Work order:
A faithful copy of the entries, without any pictures, is what is needed here.

━━━━━━━━━━━━━━━━━━━━

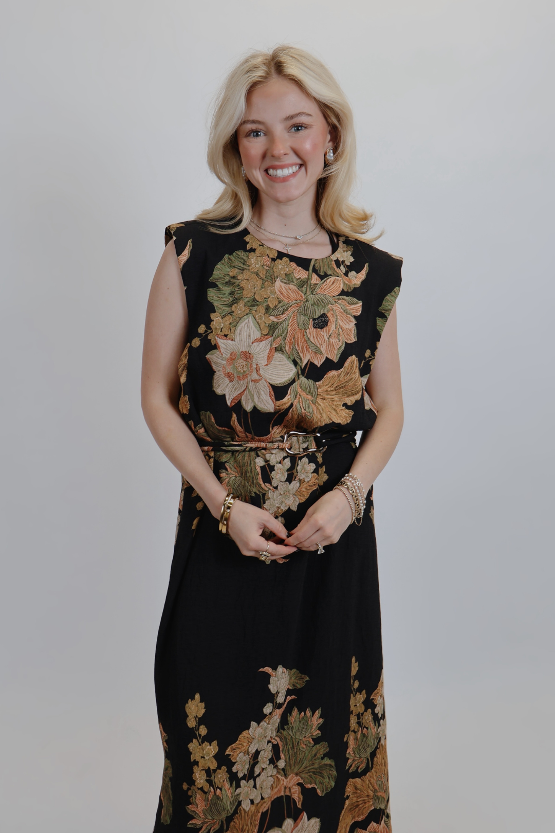 Step into effortless elegance with our Golden Garden Midi Dress. This sleeveless floral print dress features a classic round neckline and a flattering self-tie waist with chic metal tips for a touch of shine. The lightweight woven fabric drapes beautifully, creating a soft, feminine silhouette that’s perfect for any occasion. Fully lined and non-sheer, it offers both comfort and confidence all day long.
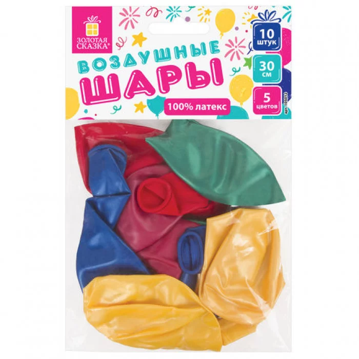 Шары воздушные ЗОЛОТАЯ СКАЗКА, 12" (30 см), КОМПЛЕКТ 10 штук, металлик, ассорти 5 цветов, пакет, 105012
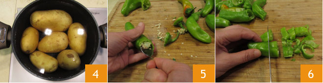 Also, boil the potatoes for about 30-40 minutes, depending on their size 4. Meanwhile, prepare the rest of the ingredients: remove the top end of the friggitelli and remove the seeds inside 5, then cut them into pieces 6.
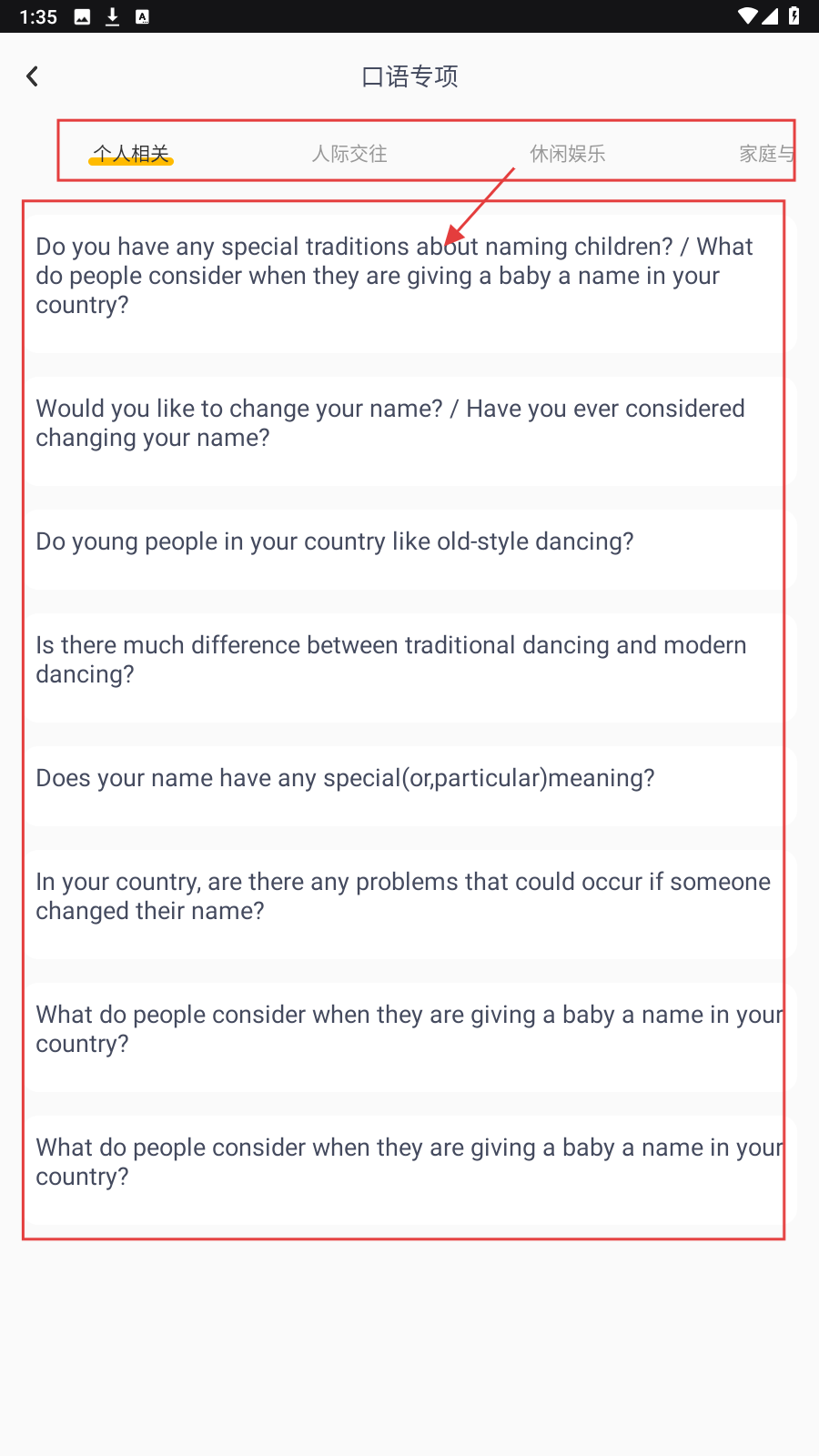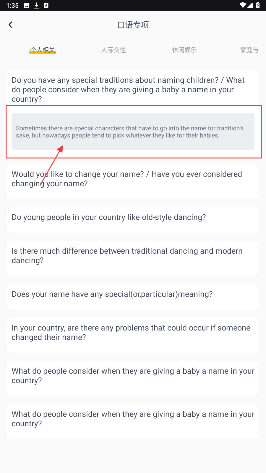 2、在口语专项,选【个人相关】题目(如起名传统),进行口语问答练习。
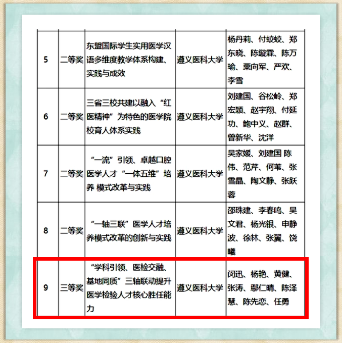 热烈祝贺437必赢会员中心副院长闵迅教授、杨艳教授、黄健教授等,团队以《“学科引领、医检交融、基地同质”三轴联动提升医学检验人才核心胜任能力》荣获第十届贵州省高等教育教学成果奖三等奖殊荣!
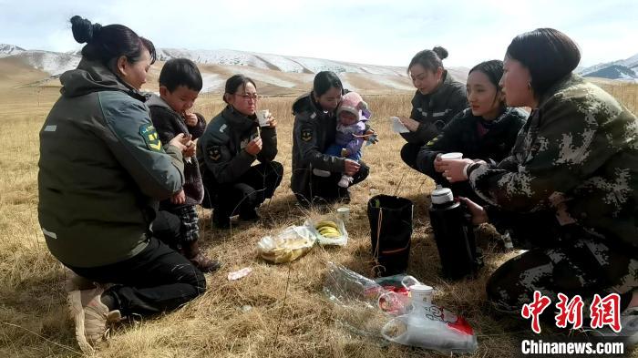 在巡護了一大片林地后,大家聚到一起休息。草原上席地而坐,背著11個月大女兒的索南吉放下孩子,小扎西拿著風(fēng)鈴逗著妹妹。一壺清茶、一袋干糧、兩個孩子,一群女子交流著巡護情況,不時也會傳出開心的笑聲。
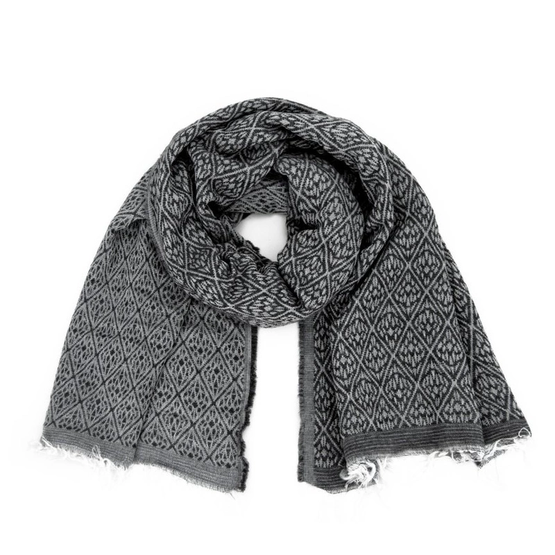 W dotyku wyczuwalna jest specyficzna faktura materiału, która nadaje szalowi niepowtarzalny charakter.
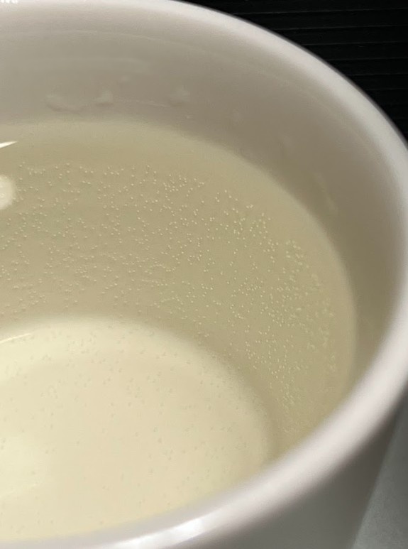 色は、やや黄色がかった色をしており、ガス(気泡)も確認できます。
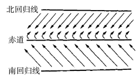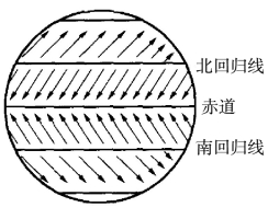说明了地球偏向力以后,我们再来讲地球上的风带。上面已经说过,地球上赤道两边的风统统向赤道附近区域吹来。照理在赤道以北在北热带内应该是北风,在赤道以南在南热带内应该是南风。但为了地球自转发生偏向力的关系,北热带内风向是东北,称之为东北信风或贸易风,南热带内风向是东南,称之为东南信风或贸易风(如图三)。而因为冬夏春秋四季的变动,地球各处上的太阳在天空位置的高低既有不同,风带亦随之而有移动。北半球夏季的太阳走向北,风带亦随之而移向北。而南半球的东南信风,一经跨过赤道,便慢慢地有转向右边的趋势,不久便会变成西南信风,如图四所示。这西南信风和北半球原有的东北信风相遇到了,正是针锋相对,便会发生旋流。若是四周的环境适合,就会在太平洋中发生台风了。台风在大西洋中称“Hurricane”,在印度洋中称“Cyclone”。
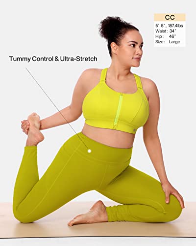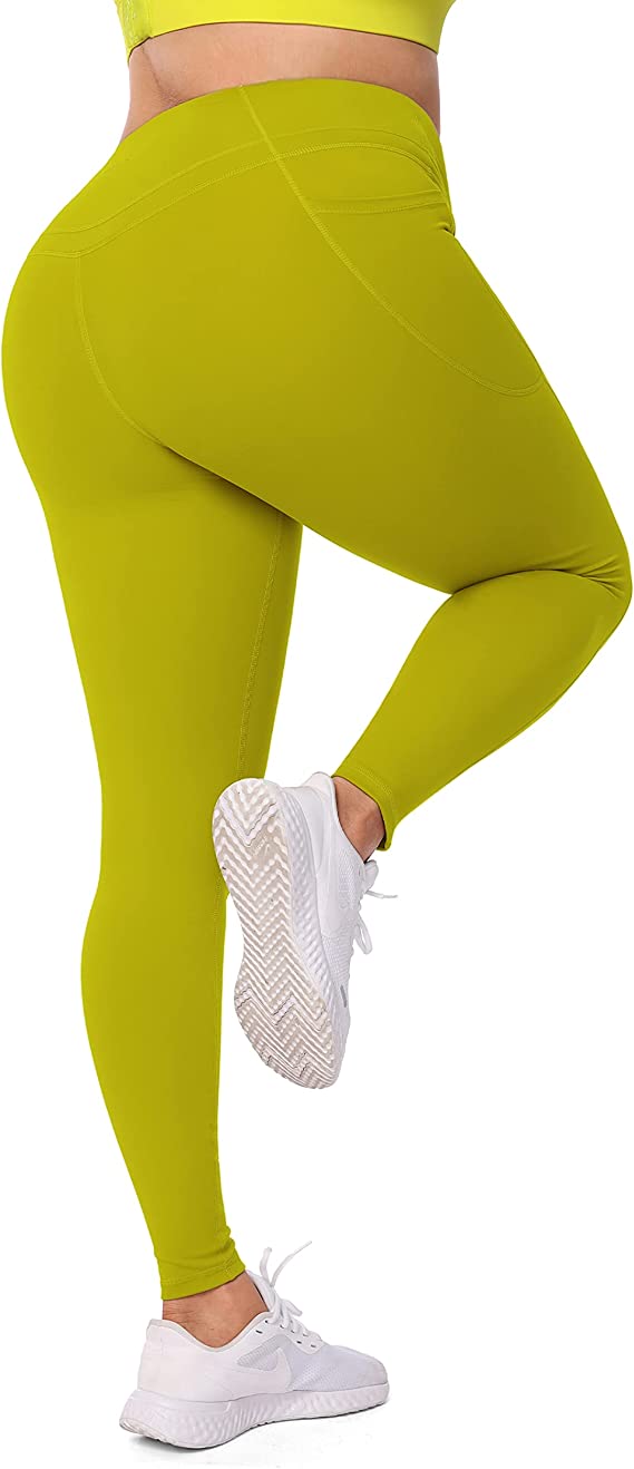 VFUS Butt Lifting High Waist Workout Leggings for Women Tummy Control with Pockets Non See Through Yoga Pants Plus Size (Small, Lime Green)

━━━━━━━━━━━━━━━━━━━━

Answer to this exercise:
 Step into effortless elegance with our Golden Garden Midi Dress. This sleeveless floral print dress features a classic round neckline and a flattering self-tie waist with chic metal tips for a touch of shine. The lightweight woven fabric drapes beautifully, creating a soft, feminine silhouette that’s perfect for any occasion. Fully lined and non-sheer, it offers both comfort and confidence all day long.
 Шары воздушные ЗОЛОТАЯ СКАЗКА, 12" (30 см), КОМПЛЕКТ 10 штук, металлик, ассорти 5 цветов, пакет, 105012
 Also, boil the potatoes for about 30-40 minutes, depending on their size 4. Meanwhile, prepare the rest of the ingredients: remove the top end of the friggitelli and remove the seeds inside 5, then cut them into pieces 6.
 2、在口语专项,选【个人相关】题目(如起名传统),进行口语问答练习。
 热烈祝贺437必赢会员中心副院长闵迅教授、杨艳教授、黄健教授等,团队以《“学科引领、医检交融、基地同质”三轴联动提升医学检验人才核心胜任能力》荣获第十届贵州省高等教育教学成果奖三等奖殊荣!
 在巡護了一大片林地后,大家聚到一起休息。草原上席地而坐,背著11個月大女兒的索南吉放下孩子,小扎西拿著風(fēng)鈴逗著妹妹。一壺清茶、一袋干糧、兩個孩子,一群女子交流著巡護情況,不時也會傳出開心的笑聲。
 W dotyku wyczuwalna jest specyficzna faktura materiału, która nadaje szalowi niepowtarzalny charakter.
 色は、やや黄色がかった色をしており、ガス(気泡)も確認できます。
说明了地球偏向力以后,我们再来讲地球上的风带。上面已经说过,地球上赤道两边的风统统向赤道附近区域吹来。照理在赤道以北在北热带内应该是北风,在赤道以南在南热带内应该是南风。但为了地球自转发生偏向力的关系,北热带内风向是东北,称之为东北信风或贸易风,南热带内风向是东南,称之为东南信风或贸易风(如图三)。而因为冬夏春秋四季的变动,地球各处上的太阳在天空位置的高低既有不同,风带亦随之而有移动。北半球夏季的太阳走向北,风带亦随之而移向北。而南半球的东南信风,一经跨过赤道,便慢慢地有转向右边的趋势,不久便会变成西南信风,如图四所示。这西南信风和北半球原有的东北信风相遇到了,正是针锋相对,便会发生旋流。若是四周的环境适合,就会在太平洋中发生台风了。台风在大西洋中称“Hurricane”,在印度洋中称“Cyclone”。
 VFUS Butt Lifting High Waist Workout Leggings for Women Tummy Control with Pockets Non See Through Yoga Pants Plus Size (Small, Lime Green)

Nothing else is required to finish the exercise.